(Beginning of Available data)
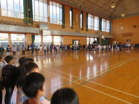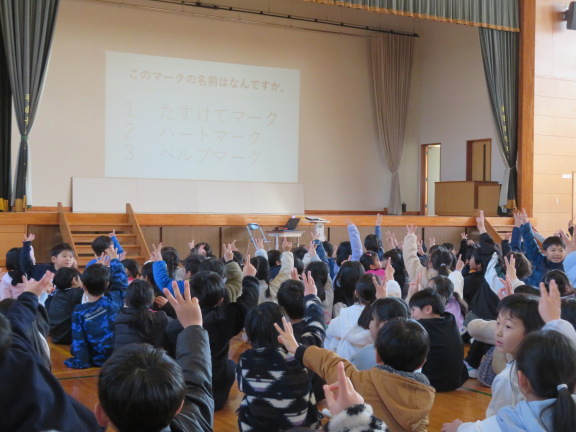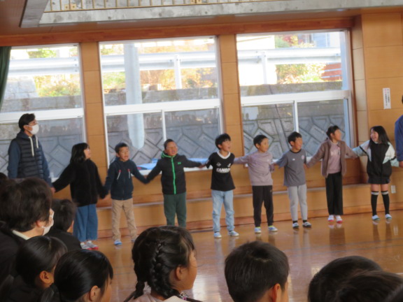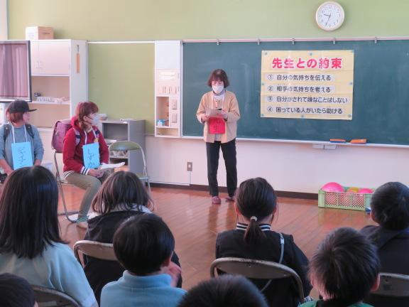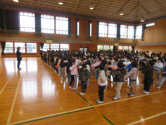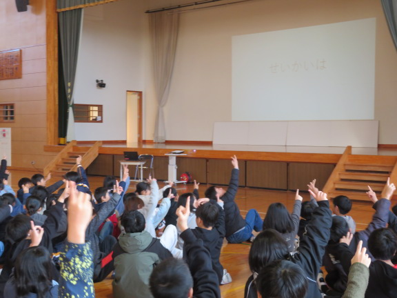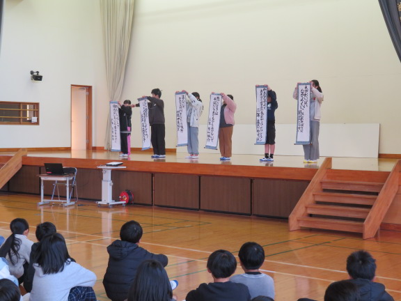 校長の話、各クラスの人権目標の発表、人権標語の入選作品の発表、人権に関するクイズ、絵本の読み語りなどを行いました。最後は全校で輪になり合唱しました。
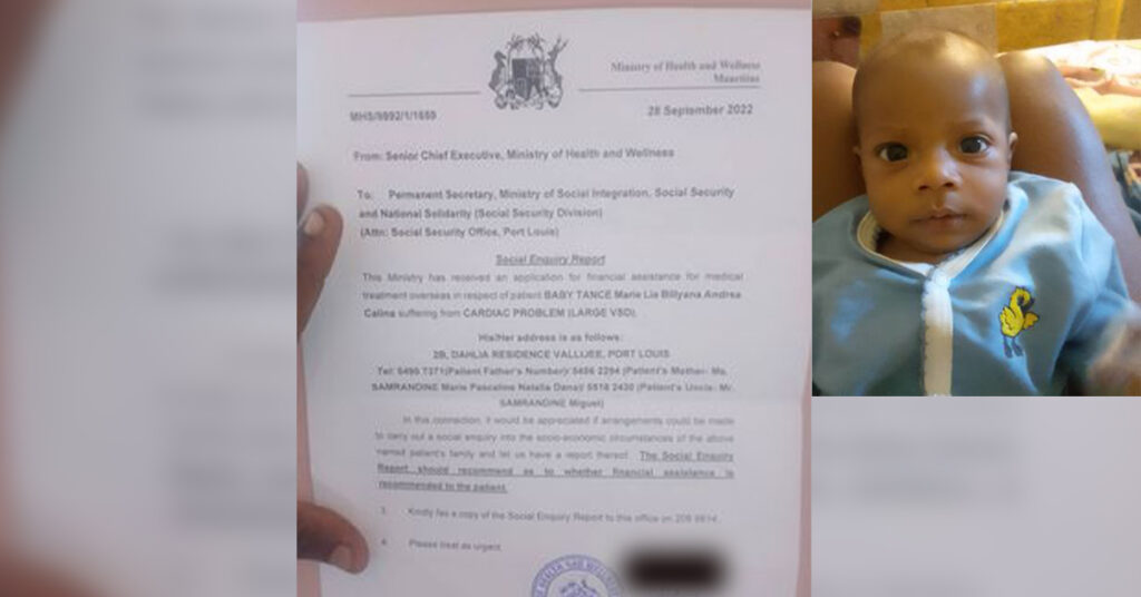 C’est à 17h30, ce mardi 4 octobre, que Marie Pascaline Saramandine et sa fille Maria Lia Tance, embarqueront dans un vol d’Air Mauritius en partance pour Bangalore. Un déplacement facilité par le ministère de la Santé pour tenter de sauver la vie de la petite de 2 mois, qui souffre de troubles cardiaques. En effet, l’urgence de la situation est telle qu’elle oblige un déplacement impératif pour l’hôpital Manipal, en Inde.
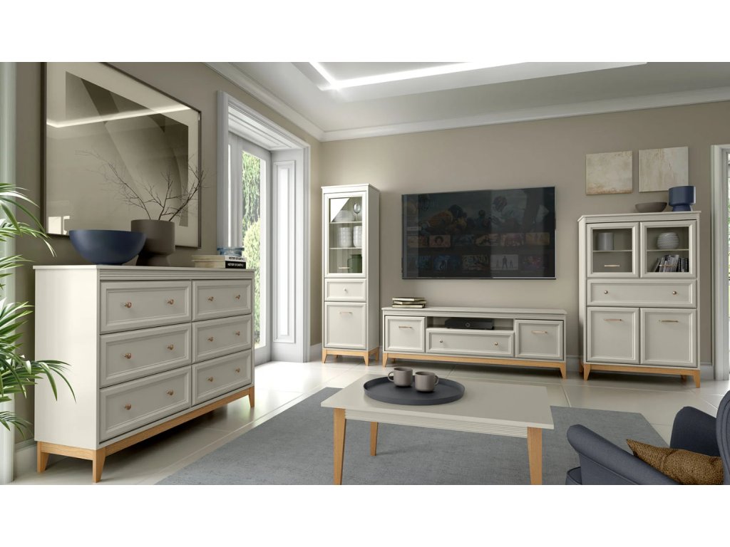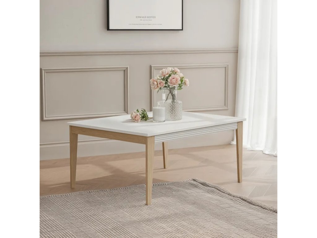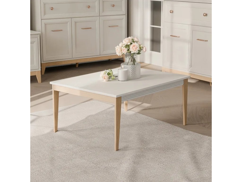 Jeho najväčšou výhodou je elegantné, dekoratívne frézovanie pod doskou stola – decentný pás, ktorý dodáva celej konštrukcii ľahkosť a zdôrazňuje štýl kolekcie WINDSOR. Konferenčný stolík je vyhotovený v teplom, svetlom odtieni kašmíru a jeho pevné nohy z masívneho dubového dreva vytvárajú príjemný kontrast, ktorý zdôrazňuje prirodzený charakter stola.
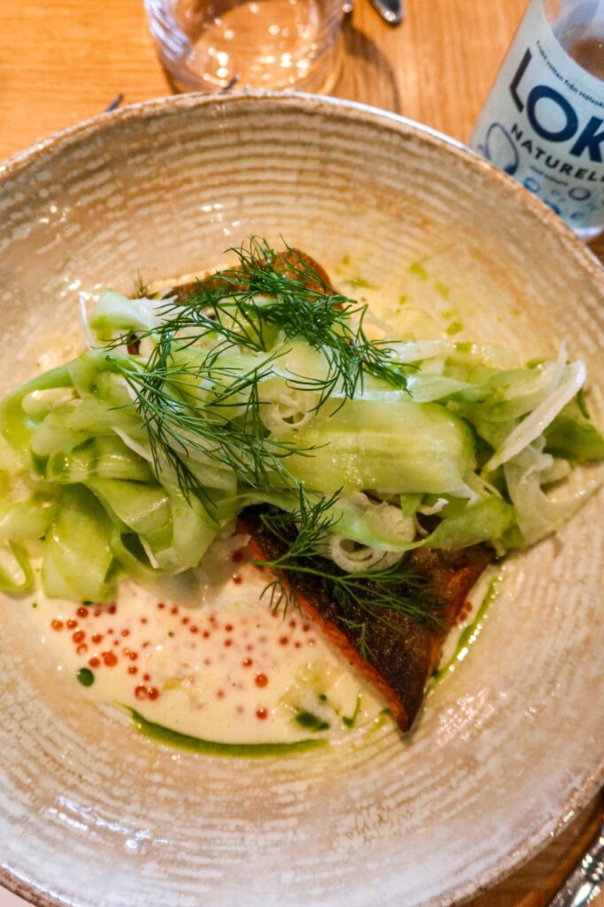 Jag åt röding med fänkålssallad och Sandefjordssås, väldigt gott och fräscht med salladen till. En liten pralin till kaffet blev det också. Fanns koffeinfritt kaffe och jag fick också skummad havremjölk till. Så fint!
(End of Available data)
The problem>
The required output is the span of lines from the line with "Jeho najväčšou výhodou" through the final line of the listing above, reproduced exactly, minus the pictures.

Expected answer>
 Jeho najväčšou výhodou je elegantné, dekoratívne frézovanie pod doskou stola – decentný pás, ktorý dodáva celej konštrukcii ľahkosť a zdôrazňuje štýl kolekcie WINDSOR. Konferenčný stolík je vyhotovený v teplom, svetlom odtieni kašmíru a jeho pevné nohy z masívneho dubového dreva vytvárajú príjemný kontrast, ktorý zdôrazňuje prirodzený charakter stola.
 Jag åt röding med fänkålssallad och Sandefjordssås, väldigt gott och fräscht med salladen till. En liten pralin till kaffet blev det också. Fanns koffeinfritt kaffe och jag fick också skummad havremjölk till. Så fint!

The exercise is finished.